Exploring the Impact of Policies across the Autism Spectrum
Shifting focus to differential, versus average, effects
People with autism spectrum disorder (ASD) have a wide range of symptoms and skillsets, and people with severe ASD are often overlooked by researchers. Although policies may target individuals with ASD who have higher service needs, the evaluation of these policies frequently focus on an average effect. For example, state insurance mandates, which require coverage for some ASD services in fully-insured, commercial plans, have been shown to be effective at increasing the utilization of outpatient services for the average child with ASD. However, their impact could differ for children who require more support.
Linear regressions can mask the heterogeneous effects of ASD policies that may result from differences in severity. A forthcoming paper explores this possibility using quantile regressions, which can estimate the effect of policies across the outcome’s distribution, and finds strong evidence that the effects of ASD mandates vary widely. Using rich insurance claims and a difference-in-differences approach that exploits the staggered implementation of ASD mandates and the exemption of self-insured plans from state-level policies, my co-authors and I show that ASD mandates affect outpatient service utilization across the outpatient spending distribution, but the effects were both absolutely and relatively higher for children with higher levels of spending. Specifically, outpatient spending increased by nearly $1,500 per child-month at the 95th percentile versus just $2 per child-month at the 5th percentile among children subject to the ASD mandate.
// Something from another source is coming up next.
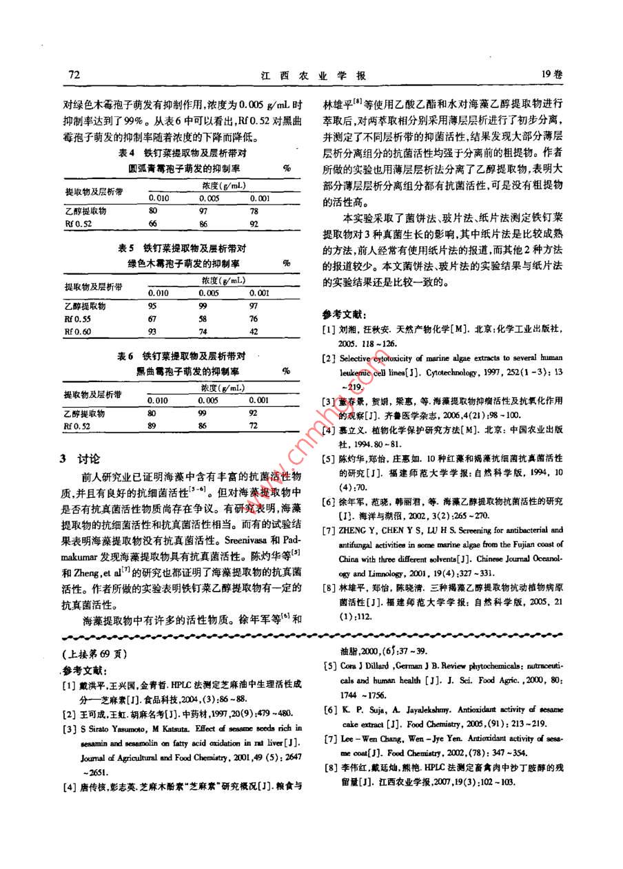 江西農(nóng)業(yè)學(xué)報2007,19(11):70~72Acta Agriculturae Jiangxi鐵釘菜乙醇提取物對真菌生長的影響歐陽桐嬌,鄭怡2,劉艷如2,林勇3,郭文杰,江枝和(1.福建省農(nóng)科院生物技術(shù)研究所福建福州35000;2.福建師范大學(xué)生命科學(xué)院福建福州35007;3.福建省農(nóng)科院土壤肥料研究所福建福州350013)摘要:鐵釘萊乙醇粗提物通過薄層層析法分離活性物質(zhì),分別采用紙片法和菌餅法測定了鐵釘菜提取物及薄層層析帶對3種真菌的菌絲生長的影響,用玻片法測定了對孢子萌發(fā)的抑制作用。實驗結(jié)果表明:乙醇提取物對3種真菌孢子萌發(fā)的抑制作用最強,其中,濃度在0.005mg/m時對綠色木霉和黑曲寡孢子萌發(fā)的抑制率均達(dá)到9%。關(guān)鍵詞:鐵釘萊;薄層層析;真菌;萬絲生長;抱子萌發(fā)中圖分類號:Q49.327.1文獻(xiàn)標(biāo)識碼;A文章編號:1001-8581(2007)11-0070-03Effect of Ethanol Extract from Ishige okamura on growth of FungiOUYANG Tong-jiao', ZHENG Yi, LIU Yan-n, LIN Yong, GUO Wen-jie, JIANG Zhi-h(1. Biotechnology Institute, Fujian Academy of Agricultural Sciences, Fuzhou 350003, China:2. College of Life Sciences, Fujian Normal University, Fuzhou 350007, China;3. Institute of Soil and Fertilizer, Fujian Academy of Agricultural Sciences, Fuzhou 350013, ChinaAbstract: Active substances separated by TLC from the ethanol extract of ishige okamura were used to study their effects on thehyphal growth of three fungi by using the method of disc and filter papar, as well as their restraining effects on the spore germination byusing the slide method. The results indicated that ethanol extract showed strong inhibition to the spore germination of three fungi andthe maximu inhibitory rate reached 97. 0% to Trichoderma wirde and aspergillus niger under the concentration of 0. 005 me/mL.Key words: Ishige okamura; Thin layer chromatographic analysis; Fungus; Hyphal growth; Spore germination海洋占地球總面積的71%,蘊藏著極其豐富的生物細(xì)菌、真菌對抗生款耐藥性和抗藥性的加強,尋找新的抗資源,是有機物質(zhì)的最大生產(chǎn)者。這些有機物基本上是菌活性物質(zhì)已成為了當(dāng)務(wù)之急。而海洋生物的多樣性海洋浮游植物合成的,特別是海藻。因此可以說海洋藻特殊性及復(fù)雜性是理想的新的抗菌素的資源寶庫。海藻類是世界上最大的有機物合成并儲存的資源寶庫并且抗菌活性物質(zhì)的研究主要包括對具抗菌活性種類的篩它們在海洋中分布廣泛從大洋水體到世界各沿岸海區(qū),選抗菌活性物質(zhì)的提取分離純化及化學(xué)成分分析和結(jié)生活環(huán)境變化多端物種和生活環(huán)境的多樣性為海洋藻構(gòu)鑒定等。本研究以綠色木霉( Trichoderma ririd)黑曲類帶來了其生物活性物質(zhì)的多樣性。由于海洋環(huán)境的特霉( Aspergillus niger)、圓弧青霉( Penicillium cyclopium)為殊性很多的海洋生物在高鹽高壓、缺氧等惡劣生活環(huán)研究對象研究了乙醇提取物及薄層層析分離物對其生境的長期進(jìn)化和發(fā)展的過程中,為適應(yīng)生存和競爭生存長的影響,旨在為進(jìn)一步開發(fā)利用海藻的天然活性物質(zhì)空間形成并產(chǎn)生了許多結(jié)構(gòu)獨特而藥理作用顯著的海提供借鑒。洋次生代謝物質(zhì)如抗菌抗病毒抗腫瘤抗氧化等活性1材料與方法物質(zhì)。而海藻作為海洋生物鏈的第一生產(chǎn)者,為了抵1.1材料鐵釘菜采自石獅海域;海藻采回后立即清洗抗外界微生物的感染和獵食者的吞食而獲得生存它們干凈室內(nèi)陰干陰涼處保存?zhèn)溆?。在不斷的進(jìn)化過程中產(chǎn)生了對各種敵害生物的抗性。由1.2真菌本實驗的供試真菌有3種即綠色木霉(Tn于海藻本身沒有像高等動物那樣的細(xì)胞免疫系統(tǒng),它們 choderma viride)、黑曲霉( Aspergillus niger)、圓弧青霉的這種抗性是一種有目標(biāo)地產(chǎn)生化學(xué)物質(zhì)的防衛(wèi)機制,( Penicillium cyclopium),由福建農(nóng)林大學(xué)許文耀教授分一般為藻類產(chǎn)生的次生代謝物質(zhì)。另外海洋藻類還是離純化本實驗室保存。很多其他消費者的活性物質(zhì)的主要來源。自20世紀(jì)601.3試劑石油醚丙酮、乙醇、乙酸乙酯均為國產(chǎn)分析年代人們提出“向海洋要藥”的口號起,近40年來海洋純薄層層析硅膠為青島海洋化工有限公司產(chǎn)品?;瘜W(xué)及生命科學(xué)研究成為熱點之一23。其中對于海1.4儀器高速萬能粉碎機(天津市泰斯特儀器有限公洋藻類抗菌活性物質(zhì)的研究由來已久特別是隨著很多司);SHB-ⅢB循環(huán)水式多用真空泵(鄭州長城科工貿(mào)收稿日期:2007-08-06基金項目:福建省科技廳重點項日(2005%036)作者簡介陽桐嬌(193-),女福建平潭人,助理研究員從事植物資源化學(xué)研究工作。歐陽桐嬌等鐵釘菜乙醇提取物對真菌生長的影響71有限公司);旋轉(zhuǎn)蒸發(fā)器(上海亞榮生化儀器廠);電熱恒28℃恒溫?;炫囵B(yǎng)6h顯微鏡下觀察并記錄孢子萌發(fā)溫水浴鍋(上海醫(yī)療器械五廠);VD-650型桌上式潔凈情況。以等量的乙酸乙酯為對照,每處理重復(fù)3次按下工作臺(蘇州凈化設(shè)備);電熱手提式壓力蒸汽滅菌器面公式計算孢子萌發(fā)抑制率:(上海醫(yī)用核子儀器廠);TDCC2-3接觸調(diào)壓器(浙江正孢子萌發(fā)抑制率=(1-處理萌發(fā)率/對照萌發(fā)率)泰電器股份有限公司);雙層鐵皮電爐(上海申航五金電x100%器廠丹陽分廠);EF-I型三用紫外分析儀(上海顧村電2結(jié)果與

Because we had no direct measure of clinical severity in the study, spending on outpatient services served as a proxy. In that case, these results suggest that mandates are disproportionately affecting children with higher service needs. The results may also stem from inequalities in access to care, however. In addition to poor insurance coverage, factors like supply-side shortages, inadequate training of evidence-based practices among providers, and uncertainty over which services are reimbursed may mean some families are more adept at navigating the health care system than others. In that case, the presence of ASD mandates are only exacerbating these inequalities.
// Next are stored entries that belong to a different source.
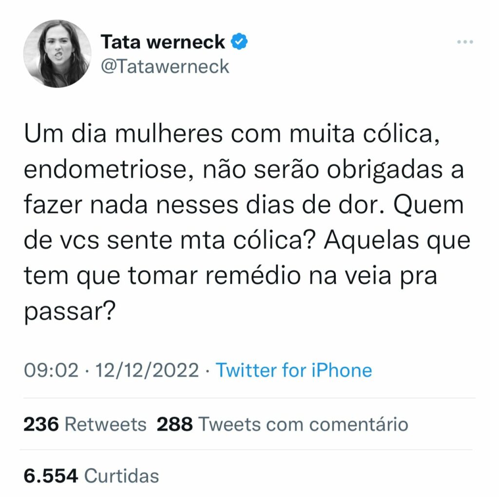 A humorista, apresentadora e atriz Tatá Werneck utilizou o twitter para conversar com suas seguidoras sobre cólicas fortes e endometriose. Em sua rede social escreveu: “Um dia, mulheres com muita cólica, endometriose, não serão obrigadas a fazer nada nesses dias de dor. Quem de vcs sente muita cólica? Aquelas que tem que tomar remédio na veia pra passar?”, questionou.
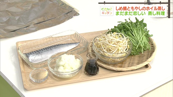 しめ鯖1枚、大豆もやし1袋、豆苗1パック、コショウ少々、ショウガ1片分、酒大さじ2杯
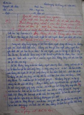 Nguyễn Thị Hậu - học sinh chuyên Toán lớp 10A2 THPT Huỳnh Thúc Kháng, thành phố Vinh, Nghệ An - chỉ có 45 phút ngồi trên lớp học để viết lên bài văn này. Bài văn với gần 1.500 từ trên 4 trang giấy kiểm tra ướt nhoè nước mắt của Hậu khi làm bài.

Beyond improving how they study the effects of ASD policies, researchers need to expand on who they study. A 2012 study found that fewer than 2% of participants in ASD intervention research were age 20 or older, while over 60% were between ages two and eight. A more recent paper shows why an expanded focus is so important—the utilization of outpatient services declined when children transitioned to adulthood. Poor access to home and community-based care can have huge implications; the so-called “services cliff” may explain, at least in part, why adults with ASD have lower employment rates and educational outcomes than adults with other disabilities.
Policies are rarely one-size-fits-all, often targeting a specific segment of a population. Moving forward, researchers should do more to examine policies’ differential effects, especially when the policies target clinically diverse conditions like ASD.